Only these lines of the data below are wanted: the one with "5月21日上午,新疆第一师阿", the one with "Исследованы особенности критической", and any lines between them, each repeated exactly.

── INPUT

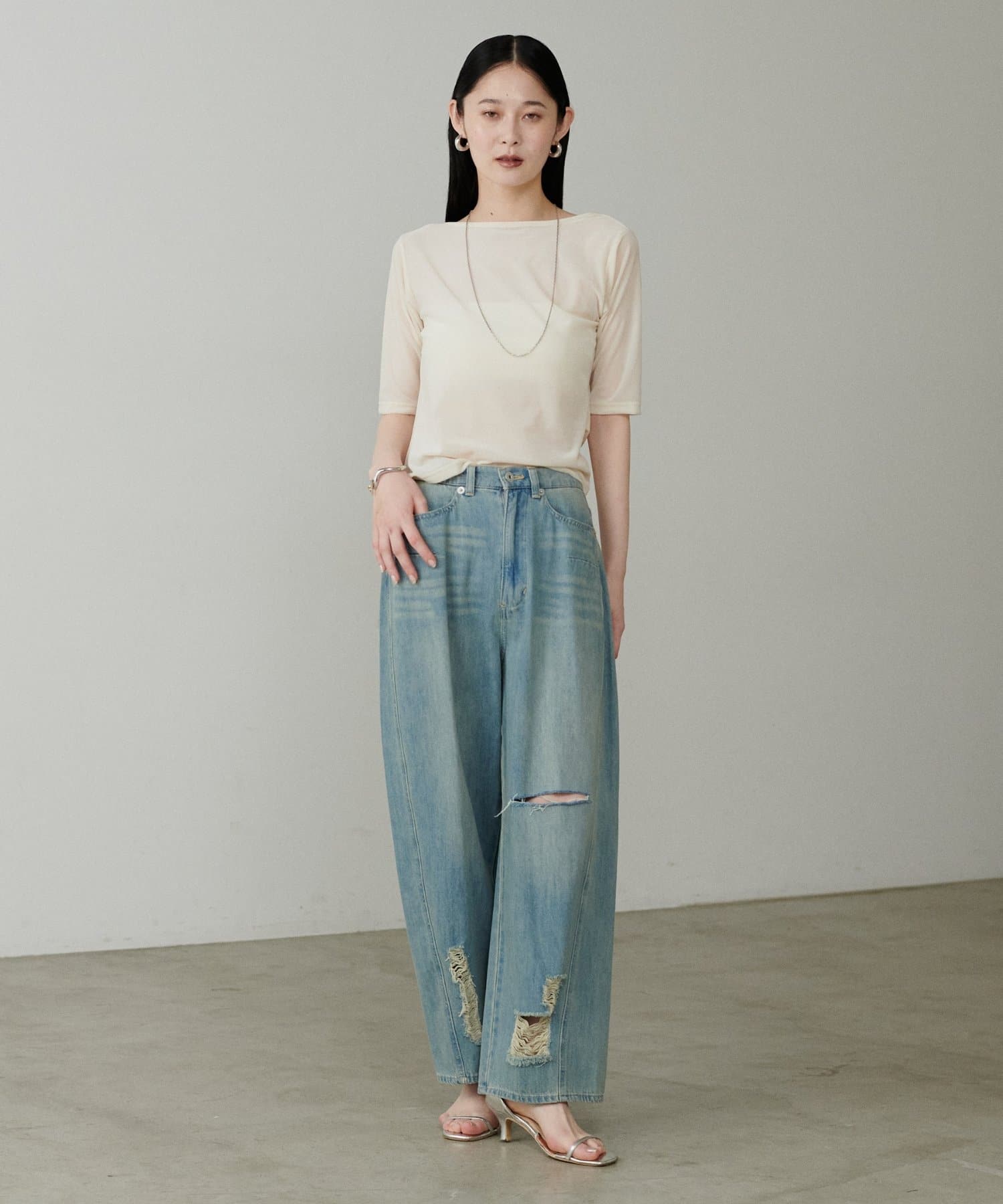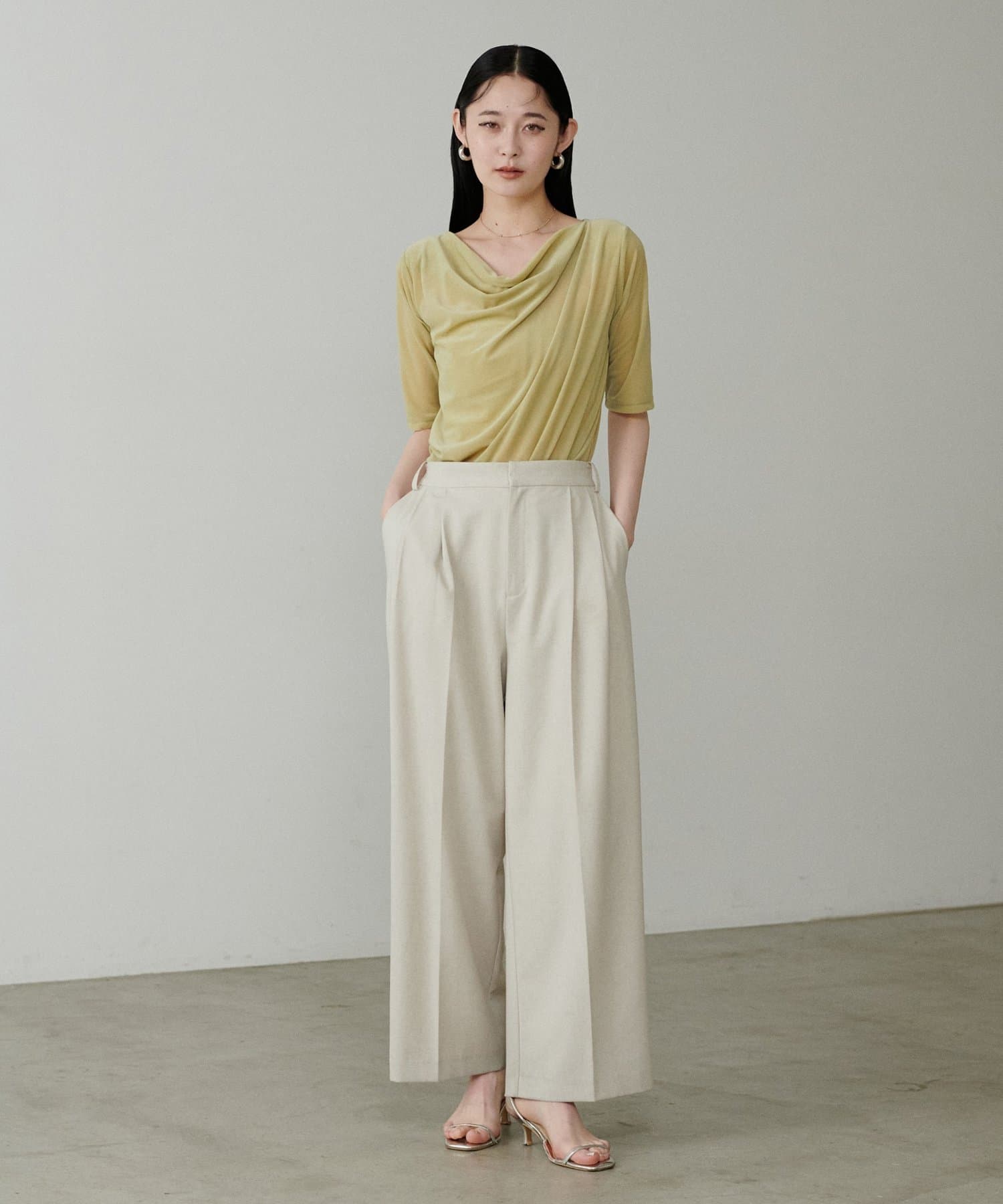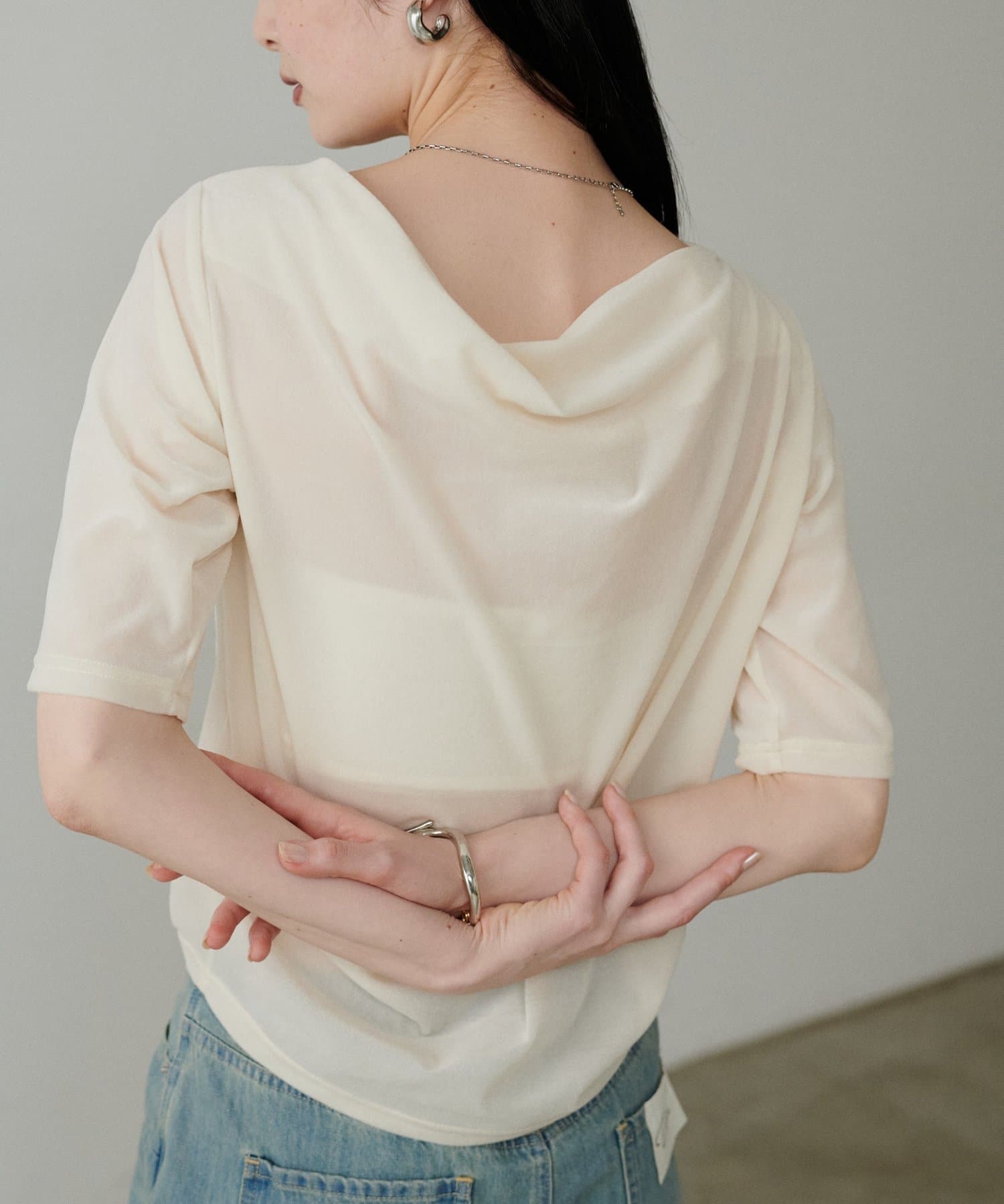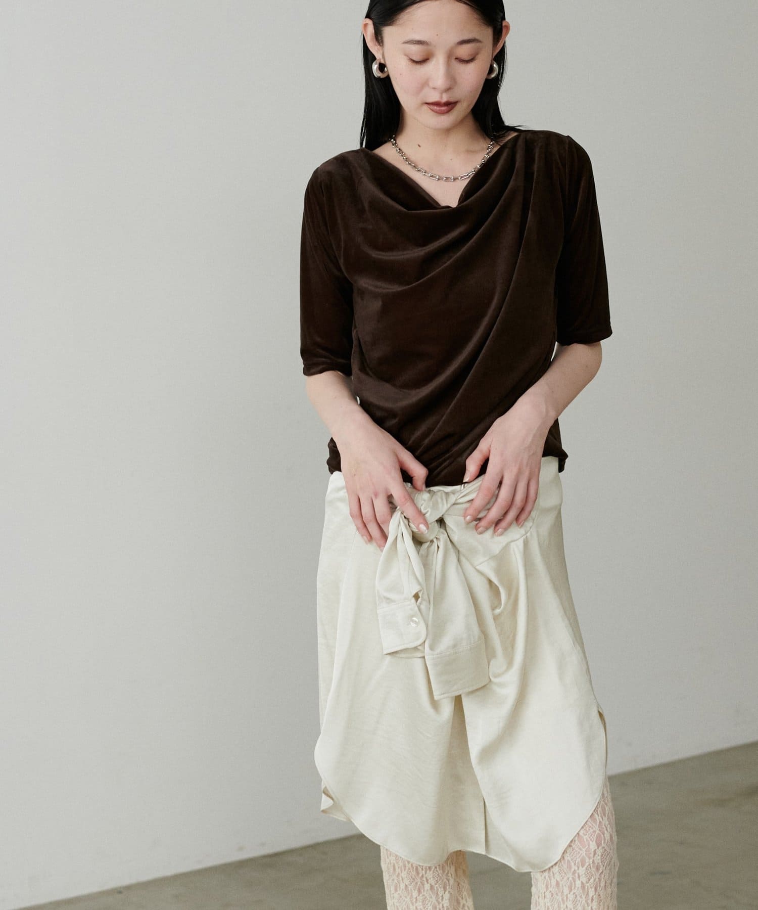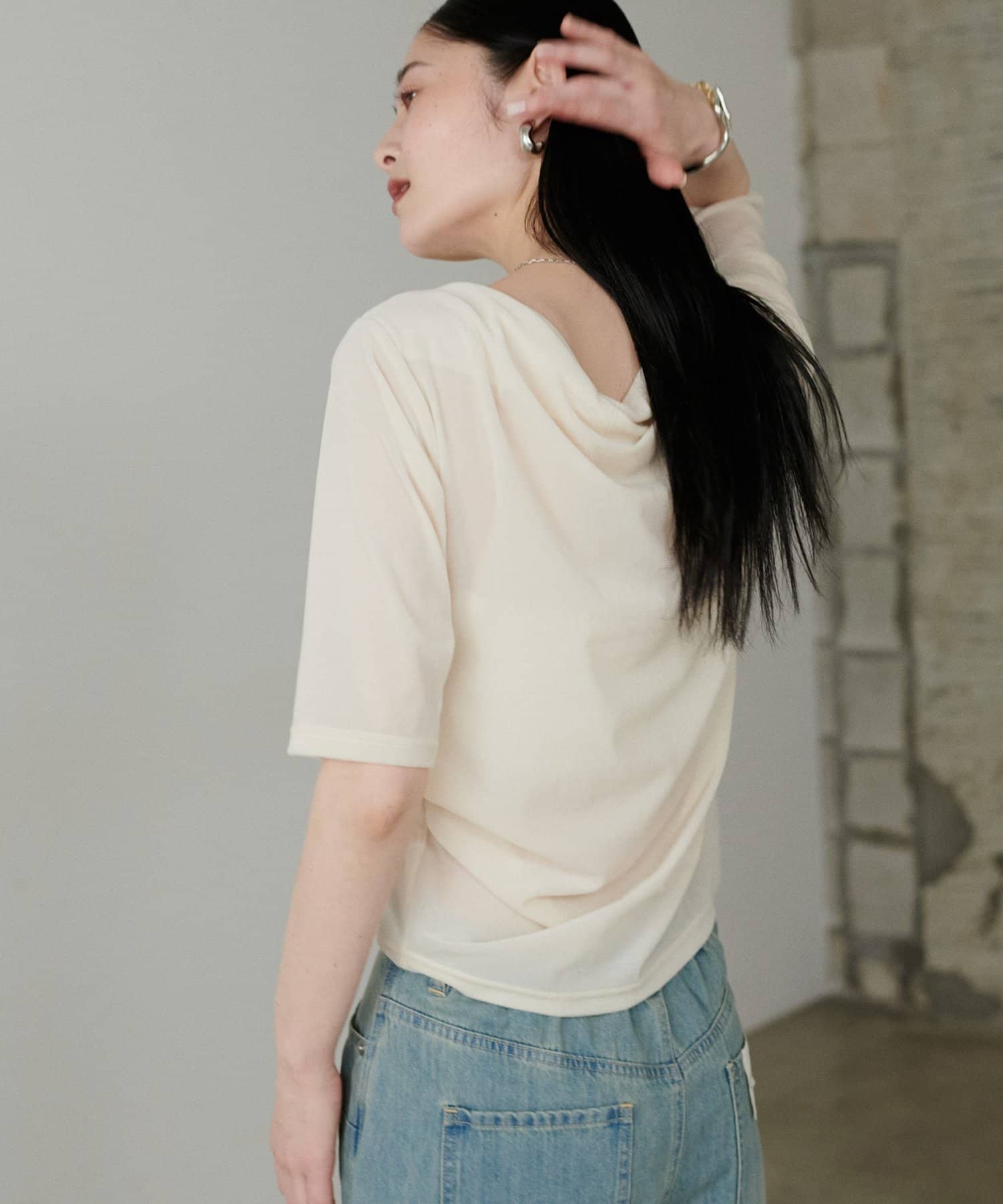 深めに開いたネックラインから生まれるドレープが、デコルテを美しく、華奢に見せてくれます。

────
── INPUT

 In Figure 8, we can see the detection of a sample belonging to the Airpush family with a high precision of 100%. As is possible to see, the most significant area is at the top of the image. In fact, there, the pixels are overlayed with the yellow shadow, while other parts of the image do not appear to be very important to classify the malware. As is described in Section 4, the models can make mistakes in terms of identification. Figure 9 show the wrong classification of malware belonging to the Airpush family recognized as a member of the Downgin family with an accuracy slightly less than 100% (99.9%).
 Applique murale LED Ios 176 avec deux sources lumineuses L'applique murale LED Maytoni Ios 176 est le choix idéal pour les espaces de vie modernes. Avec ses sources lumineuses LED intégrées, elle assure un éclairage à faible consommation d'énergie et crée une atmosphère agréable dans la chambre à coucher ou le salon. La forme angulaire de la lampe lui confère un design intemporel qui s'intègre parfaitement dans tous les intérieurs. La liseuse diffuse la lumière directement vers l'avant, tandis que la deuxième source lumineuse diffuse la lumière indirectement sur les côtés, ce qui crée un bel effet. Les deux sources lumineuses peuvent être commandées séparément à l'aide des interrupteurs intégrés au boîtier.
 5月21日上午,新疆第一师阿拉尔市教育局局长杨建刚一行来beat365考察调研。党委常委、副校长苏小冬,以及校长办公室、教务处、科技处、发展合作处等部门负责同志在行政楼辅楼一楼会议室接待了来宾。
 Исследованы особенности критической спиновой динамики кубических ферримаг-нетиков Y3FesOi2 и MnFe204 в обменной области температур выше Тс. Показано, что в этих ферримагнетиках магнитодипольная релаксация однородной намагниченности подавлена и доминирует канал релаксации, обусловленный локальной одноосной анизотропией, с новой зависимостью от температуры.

────
── INPUT

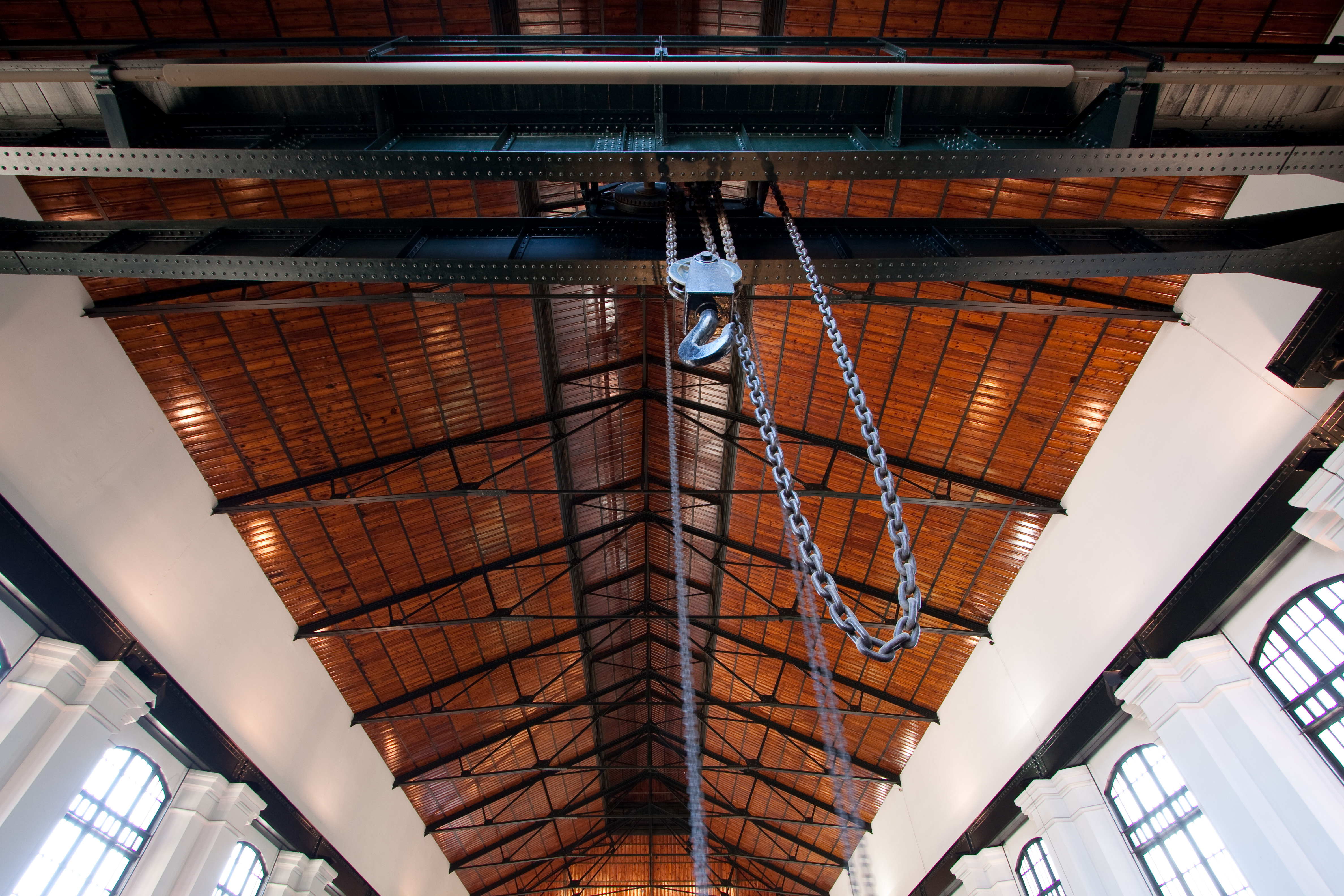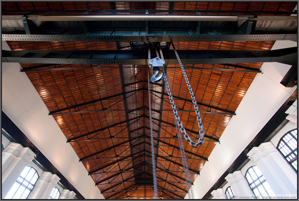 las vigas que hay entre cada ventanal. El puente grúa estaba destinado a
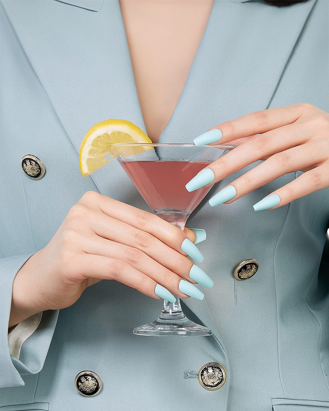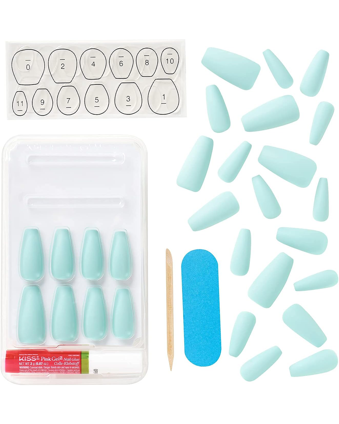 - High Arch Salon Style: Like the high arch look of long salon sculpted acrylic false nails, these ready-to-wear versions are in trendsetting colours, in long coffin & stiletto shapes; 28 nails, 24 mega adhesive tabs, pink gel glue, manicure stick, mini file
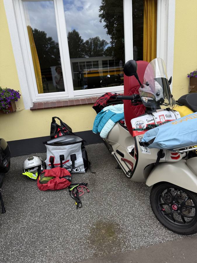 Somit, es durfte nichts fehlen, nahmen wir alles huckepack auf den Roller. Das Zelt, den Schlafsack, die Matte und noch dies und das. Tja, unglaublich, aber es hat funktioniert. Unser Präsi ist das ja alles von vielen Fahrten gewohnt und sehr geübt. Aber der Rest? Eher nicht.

────

TASK OUTPUT ▸
 5月21日上午,新疆第一师阿拉尔市教育局局长杨建刚一行来beat365考察调研。党委常委、副校长苏小冬,以及校长办公室、教务处、科技处、发展合作处等部门负责同志在行政楼辅楼一楼会议室接待了来宾。
 Исследованы особенности критической спиновой динамики кубических ферримаг-нетиков Y3FesOi2 и MnFe204 в обменной области температур выше Тс. Показано, что в этих ферримагнетиках магнитодипольная релаксация однородной намагниченности подавлена и доминирует канал релаксации, обусловленный локальной одноосной анизотропией, с новой зависимостью от температуры.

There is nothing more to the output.